Port of Tadjoura scheduled to be completed within 33 months will be another option for Ethiopia and the newly born country, South Sudan, for their import and export activities. Currently, Ethiopia is mainly using Port of Djibouti and Dorhaleh container terminal for its import/export activities.
This new Tadjoura port will be connected to Ethiopia by road from Tadjoura to Balho and by railway with the Ethiopian town of Mekele, where feasibility study on the railway is being conducted at the moment.
Ismael Omar Guelleh, President of Djibouti, noted on the ceremony held on Wednesday December 12 that the city of Tadjoura was once a port city and it has played an important role in trade between the Arabian Peninsula and Ethiopia. In that time, shipping was done in sailing and land transportation was provided by caravans.
“Today we are launching the work of modern port facilities with the most advanced and most expensive facilities,” said the president.
Hailemariam Desalegn Prime Minister of Ethiopia attended the event in his first visit to Djibouti since his appointment as head of the government.
PM Hailemariam said that he was particularly proud and happy to participate with President Ismail Omar Guelleh on the official launch of the construction of the future port of Tadjoura.

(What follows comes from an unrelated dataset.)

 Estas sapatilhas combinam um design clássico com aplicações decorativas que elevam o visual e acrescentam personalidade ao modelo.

He commended the outstanding work done by the Chief of State of Djibouti for thirteen years for the Djibouto-Ethiopian economic integration giving his country and his people the key to progress and development.
He recalled that this project was part of a series of other projects born from the desire of two men, President Guelleh and the late Prime Minister of Ethiopia, Meles Zenawi.

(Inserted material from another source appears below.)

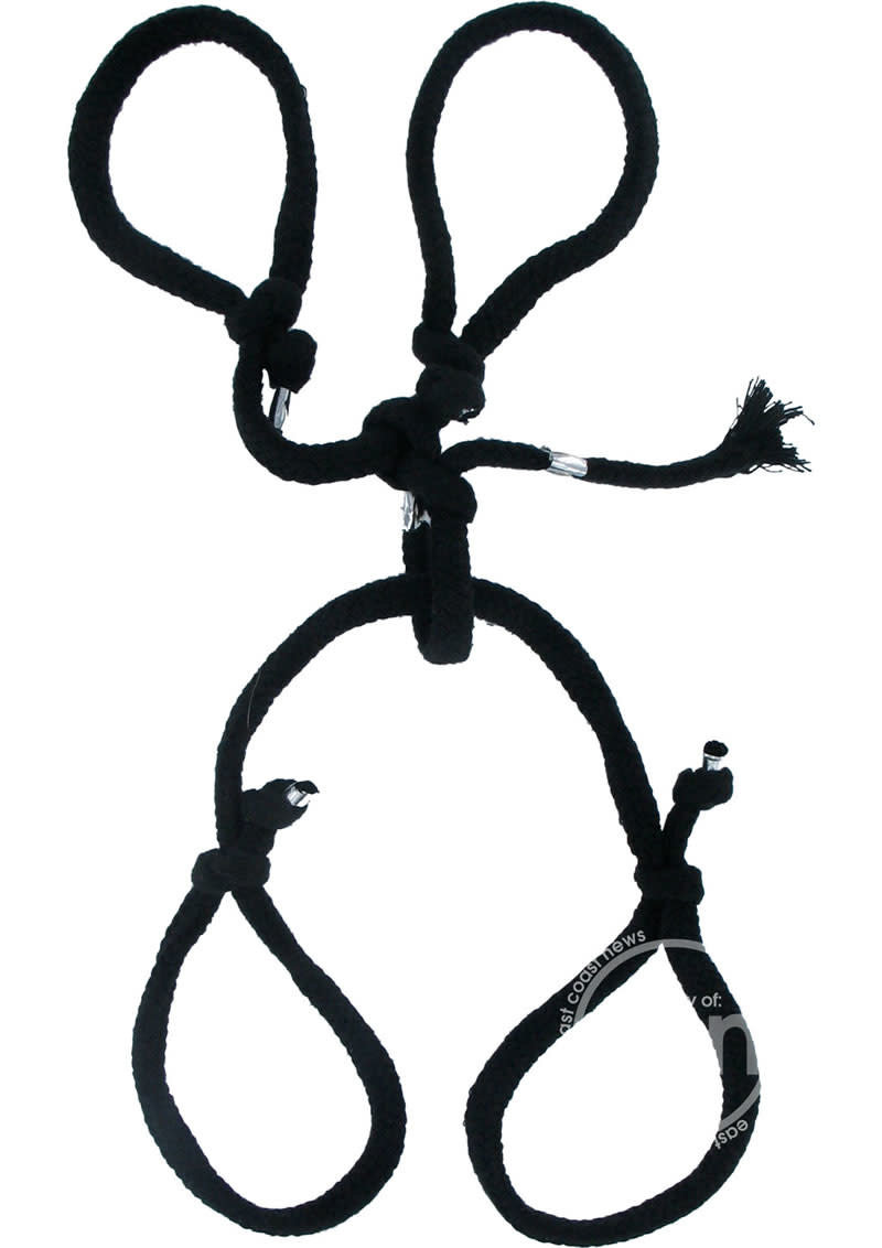 Secure your lover in a classic bondage position with this rope hogtie restraint. Perfect for beginners and strong enough for pros. The knots come tied and pre-assembled - just slide them over your partner's wrists and ankles for that snug fit. FREE Love Mask included.

“Today, Meles is not with us to start work on a project that was dear to him,” said Hailemariam paying tribute to his predecessor.
The works for the new Port of Tadjoura to be built in the Tadjoura Gulf at about 1 km west from the town of Tadjoura, developed along 700m of the Eastern Walwallè wadi outlet, will consist of a quay of about 435 m length made by circular cell structure, a typical Ro-Ro terminal about 190 m length, made by 4 mono-pile breasting dolphins connected by 4 catwalks extended between each breasting dolphin, each made by tubular welded truss of about 45 m length, and two containing rubble-mound jetties, and an embankment of 30 hectares that will have an annual capacity of eight million tons,” said Aboubaker Omar Hadi, chairman of the Ports Authority and Free Zones (PAFZ) during the laying of the cornerstone. 

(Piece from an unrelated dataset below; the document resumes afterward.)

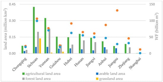 Overall, Table A3 in Appendix C shows that the dominant land-use type in the YREB is agricultural land accounting for 84.01% of the total land area, which significantly contributes to the spatial heterogeneity in water footprints of the 11 YREB provinces. As reflected in the proportions of agricultural land relative to total land in different YREB provinces, their urbanization levels follow an increasing trend from upstream to midstream regions and, then, downstream. Comparing agricultural water footprints before and after optimization in the scatter plots in Figure 5, we can see that all 11 provinces experience a decline, but there exists a significant spatial difference in the magnitude. In general, the four upstream provinces on the left in Figure 5 experience the smallest decline followed by the next three midstream provinces in the middle in Figure 5 and, then, the rightmost four downstream provinces in Figure 5 with the largest declines. The optimized agricultural water footprints show a strong positive correlation with the agricultural land area of the 11 provinces with a correlation coefficient of 0.899, which increases from 0.425 before optimization. This shows that the lexicographic minimax allocation scheme puts a reasonable restriction on the agricultural water footprints and contributes to the spatial distribution of agricultural water resources. Although the amount of optimized agricultural water footprints varies significantly across the 11 provinces, their proportions relative to the total optimized water footprints in each province show a remarkable consistency with a small standard deviation of 0.161. This indicates that this allocation scheme helps to ensure spatial equity from a land area perspective. Next, given agricultural land’s significant contribution to water footprints, we further analyze how different agricultural land-use types contribute to spatial heterogeneity of provincial agricultural water footprints (Figure 5).

Aboubaker also said that the project will create 600 jobs during the construction phase, 300 permanent jobs in the operation phase, about 700 jobs dockers and 2,000 indirect jobs, which will further ensure the economic and social development of the region.
President Guelleh indicated that this project was in line with the development policy of the two countries, a policy which he said “pulls the resources and potential of each of our two countries through the successful integration of our economies and our territories.”
“The port of Tadjoura in this sense has a dual purpose: on the one hand, that of building a new economic anchor for Djibouti and secondly that of creating a new branch to the Djibouti-Ethiopia axis which aims to be the engine of growth in our sub-region,” said President Guelleh.
For him, the diversification and multiplication of sources of economic growth necessarily involves the development of regions which through their respective potentials, “will garner significant impact.”
The project is expected to consume 61 million dollar which is going to be covered by a loan from Kuwait based Arab Fund for Economic and Social Development (36 million dollar) and Saudi Fund for Development (25 million dollar).
Tadjoura is the closest outlet for Ethiopia’s Afar region, where a number of foreign firms, including Canada’s Allana Potash Corp, are developing potash mines. The port will have high benefit for the mining companies to export their product. It is also relatively close for eastern Amhara and Tigrai regional states, which are becoming major industrial hubs in the country.